Copy the listing below in full, exactly as given.

▶ [GIVEN RECORDS]
##############################
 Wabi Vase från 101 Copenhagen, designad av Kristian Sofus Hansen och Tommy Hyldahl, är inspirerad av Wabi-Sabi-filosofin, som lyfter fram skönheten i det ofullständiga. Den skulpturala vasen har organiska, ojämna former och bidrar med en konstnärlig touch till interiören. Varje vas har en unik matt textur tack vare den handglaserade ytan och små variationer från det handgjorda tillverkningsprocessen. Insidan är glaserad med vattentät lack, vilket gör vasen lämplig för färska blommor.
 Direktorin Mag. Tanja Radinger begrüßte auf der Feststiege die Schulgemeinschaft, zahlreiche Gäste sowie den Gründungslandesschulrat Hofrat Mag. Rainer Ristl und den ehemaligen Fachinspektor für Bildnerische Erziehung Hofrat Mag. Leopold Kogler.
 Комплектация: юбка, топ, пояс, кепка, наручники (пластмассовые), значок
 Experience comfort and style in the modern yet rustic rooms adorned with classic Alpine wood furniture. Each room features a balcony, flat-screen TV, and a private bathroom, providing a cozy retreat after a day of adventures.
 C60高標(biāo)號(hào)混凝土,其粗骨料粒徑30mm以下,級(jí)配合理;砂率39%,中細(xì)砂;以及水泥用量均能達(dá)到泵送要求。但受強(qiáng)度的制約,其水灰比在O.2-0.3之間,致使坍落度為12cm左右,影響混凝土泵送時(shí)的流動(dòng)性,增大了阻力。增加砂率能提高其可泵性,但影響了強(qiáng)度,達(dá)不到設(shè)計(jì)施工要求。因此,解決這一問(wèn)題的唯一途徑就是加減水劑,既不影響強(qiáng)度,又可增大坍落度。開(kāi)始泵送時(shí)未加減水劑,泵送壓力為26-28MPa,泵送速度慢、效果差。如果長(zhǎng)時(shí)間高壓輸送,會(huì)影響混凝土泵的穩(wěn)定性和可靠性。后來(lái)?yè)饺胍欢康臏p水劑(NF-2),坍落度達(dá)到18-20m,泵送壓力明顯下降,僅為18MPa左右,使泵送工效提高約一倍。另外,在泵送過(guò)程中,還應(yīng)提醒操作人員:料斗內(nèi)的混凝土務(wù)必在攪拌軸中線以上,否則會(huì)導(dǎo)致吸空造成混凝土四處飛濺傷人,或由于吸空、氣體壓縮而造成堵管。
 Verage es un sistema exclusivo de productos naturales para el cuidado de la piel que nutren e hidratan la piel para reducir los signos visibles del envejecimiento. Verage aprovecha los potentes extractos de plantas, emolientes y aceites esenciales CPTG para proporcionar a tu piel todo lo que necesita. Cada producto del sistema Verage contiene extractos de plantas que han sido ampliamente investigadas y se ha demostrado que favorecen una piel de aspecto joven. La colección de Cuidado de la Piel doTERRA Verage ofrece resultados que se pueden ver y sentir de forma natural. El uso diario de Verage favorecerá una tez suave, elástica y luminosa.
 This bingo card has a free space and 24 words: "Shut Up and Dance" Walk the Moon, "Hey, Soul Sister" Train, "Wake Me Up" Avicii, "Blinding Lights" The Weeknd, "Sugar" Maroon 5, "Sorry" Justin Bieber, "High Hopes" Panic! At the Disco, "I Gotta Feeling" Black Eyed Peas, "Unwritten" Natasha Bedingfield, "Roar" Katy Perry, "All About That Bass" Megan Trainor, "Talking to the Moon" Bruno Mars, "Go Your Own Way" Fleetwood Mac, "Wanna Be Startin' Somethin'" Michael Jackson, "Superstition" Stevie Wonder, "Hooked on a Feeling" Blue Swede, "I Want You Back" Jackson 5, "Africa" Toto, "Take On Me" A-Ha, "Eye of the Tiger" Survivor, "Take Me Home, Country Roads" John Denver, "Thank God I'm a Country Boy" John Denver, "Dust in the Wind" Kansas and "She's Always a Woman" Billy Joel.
##############################
▶ [RESPONSE AREA]
 Wabi Vase från 101 Copenhagen, designad av Kristian Sofus Hansen och Tommy Hyldahl, är inspirerad av Wabi-Sabi-filosofin, som lyfter fram skönheten i det ofullständiga. Den skulpturala vasen har organiska, ojämna former och bidrar med en konstnärlig touch till interiören. Varje vas har en unik matt textur tack vare den handglaserade ytan och små variationer från det handgjorda tillverkningsprocessen. Insidan är glaserad med vattentät lack, vilket gör vasen lämplig för färska blommor.
 Direktorin Mag. Tanja Radinger begrüßte auf der Feststiege die Schulgemeinschaft, zahlreiche Gäste sowie den Gründungslandesschulrat Hofrat Mag. Rainer Ristl und den ehemaligen Fachinspektor für Bildnerische Erziehung Hofrat Mag. Leopold Kogler.
 Комплектация: юбка, топ, пояс, кепка, наручники (пластмассовые), значок
 Experience comfort and style in the modern yet rustic rooms adorned with classic Alpine wood furniture. Each room features a balcony, flat-screen TV, and a private bathroom, providing a cozy retreat after a day of adventures.
 C60高標(biāo)號(hào)混凝土,其粗骨料粒徑30mm以下,級(jí)配合理;砂率39%,中細(xì)砂;以及水泥用量均能達(dá)到泵送要求。但受強(qiáng)度的制約,其水灰比在O.2-0.3之間,致使坍落度為12cm左右,影響混凝土泵送時(shí)的流動(dòng)性,增大了阻力。增加砂率能提高其可泵性,但影響了強(qiáng)度,達(dá)不到設(shè)計(jì)施工要求。因此,解決這一問(wèn)題的唯一途徑就是加減水劑,既不影響強(qiáng)度,又可增大坍落度。開(kāi)始泵送時(shí)未加減水劑,泵送壓力為26-28MPa,泵送速度慢、效果差。如果長(zhǎng)時(shí)間高壓輸送,會(huì)影響混凝土泵的穩(wěn)定性和可靠性。后來(lái)?yè)饺胍欢康臏p水劑(NF-2),坍落度達(dá)到18-20m,泵送壓力明顯下降,僅為18MPa左右,使泵送工效提高約一倍。另外,在泵送過(guò)程中,還應(yīng)提醒操作人員:料斗內(nèi)的混凝土務(wù)必在攪拌軸中線以上,否則會(huì)導(dǎo)致吸空造成混凝土四處飛濺傷人,或由于吸空、氣體壓縮而造成堵管。
 Verage es un sistema exclusivo de productos naturales para el cuidado de la piel que nutren e hidratan la piel para reducir los signos visibles del envejecimiento. Verage aprovecha los potentes extractos de plantas, emolientes y aceites esenciales CPTG para proporcionar a tu piel todo lo que necesita. Cada producto del sistema Verage contiene extractos de plantas que han sido ampliamente investigadas y se ha demostrado que favorecen una piel de aspecto joven. La colección de Cuidado de la Piel doTERRA Verage ofrece resultados que se pueden ver y sentir de forma natural. El uso diario de Verage favorecerá una tez suave, elástica y luminosa.
 This bingo card has a free space and 24 words: "Shut Up and Dance" Walk the Moon, "Hey, Soul Sister" Train, "Wake Me Up" Avicii, "Blinding Lights" The Weeknd, "Sugar" Maroon 5, "Sorry" Justin Bieber, "High Hopes" Panic! At the Disco, "I Gotta Feeling" Black Eyed Peas, "Unwritten" Natasha Bedingfield, "Roar" Katy Perry, "All About That Bass" Megan Trainor, "Talking to the Moon" Bruno Mars, "Go Your Own Way" Fleetwood Mac, "Wanna Be Startin' Somethin'" Michael Jackson, "Superstition" Stevie Wonder, "Hooked on a Feeling" Blue Swede, "I Want You Back" Jackson 5, "Africa" Toto, "Take On Me" A-Ha, "Eye of the Tiger" Survivor, "Take Me Home, Country Roads" John Denver, "Thank God I'm a Country Boy" John Denver, "Dust in the Wind" Kansas and "She's Always a Woman" Billy Joel.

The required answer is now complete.